Contextualized Dynamic Meta-Embeddings

Updated 19 May 2026

The paper introduces CDME as an unsupervised framework that combines multiple contextualized language models into a unified sentence embedding.
It projects source token embeddings into a common meta-space and applies dynamic token-level attention to weight contributions based on context.
Empirical results show that CDME outperforms traditional unsupervised methods and competes with supervised approaches on semantic similarity tasks.

Contextualized Dynamic Meta-Embeddings (CDME) are a framework for producing sentence-level representations by combining multiple independently trained contextualized LLMs into a unified meta-embedding. CDME is designed to maximize the complementary strengths of source models, accommodate differences in dimensionality, and remain fully unsupervised and task-agnostic. The architecture operates at the token level by projecting source embeddings into a shared meta-space, weighting their contributions via learnable attention, and producing the sentence-level vector through pooling.
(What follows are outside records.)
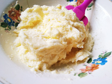 Возьмите большую миску, положите туда мягкое сливочное масло. Всыпьте сахар. Перемешайте масло с сахаром при помощи лопатки. Цель процесса — не взбить, а просто соединить продукты, поэтому миксером пользоваться не нужно.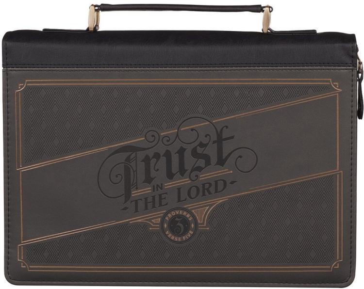 The Trust in the Lord Charcoal Faux Leather Bible Cover will protect your Bible from everyday wear and tear and be a constant reminder to lean on God’s love~ power~ and wisdom~ no matter what life throws your way. This boldly displayed message on the Bible case~ sets a positive and reflective tone for each study session~ encouraging you to trust in the LORD with every page you turn.”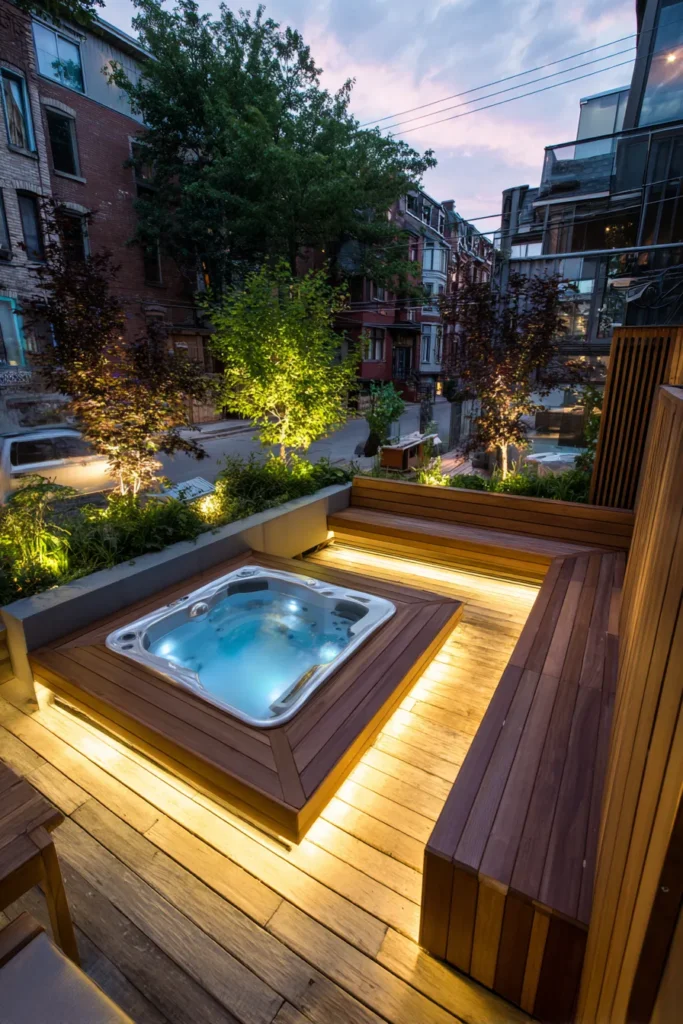 This compact deck makes smart use of space with a built in hot tub surrounded by wood benches and warm lighting. Planters and small trees soften the urban surroundings, while the lighting creates a cozy pocket of calm within the city. Everything feels intentional and well planned.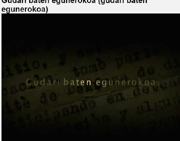 Gudari baten egunerokoa [Interneteko baliabidea - Bideoa] / zuzendariak, Javier Gutierrez, Jonan Hernandez ; errealizadorea, Javier Gutierrez ; erredakzioa, Unai Ugarte ; laguntzailea, Sancho de Beurko elkartea

Empirical evaluation on semantic textual similarity (STS) benchmarks demonstrates that CDME achieves superior performance compared to both unsupervised and some supervised baselines, without reliance on labeled data (Takahashi et al., 2022).

1. Motivation and Design Rationale

Conventional static meta-embedding methods, designed for non-contextual vectors, are ill-suited to contextualized LLMs (NLMs) such as BERT, RoBERTa, and ELMo due to three factors:

Context dependence: Token vectors from NLMs vary with sentential context.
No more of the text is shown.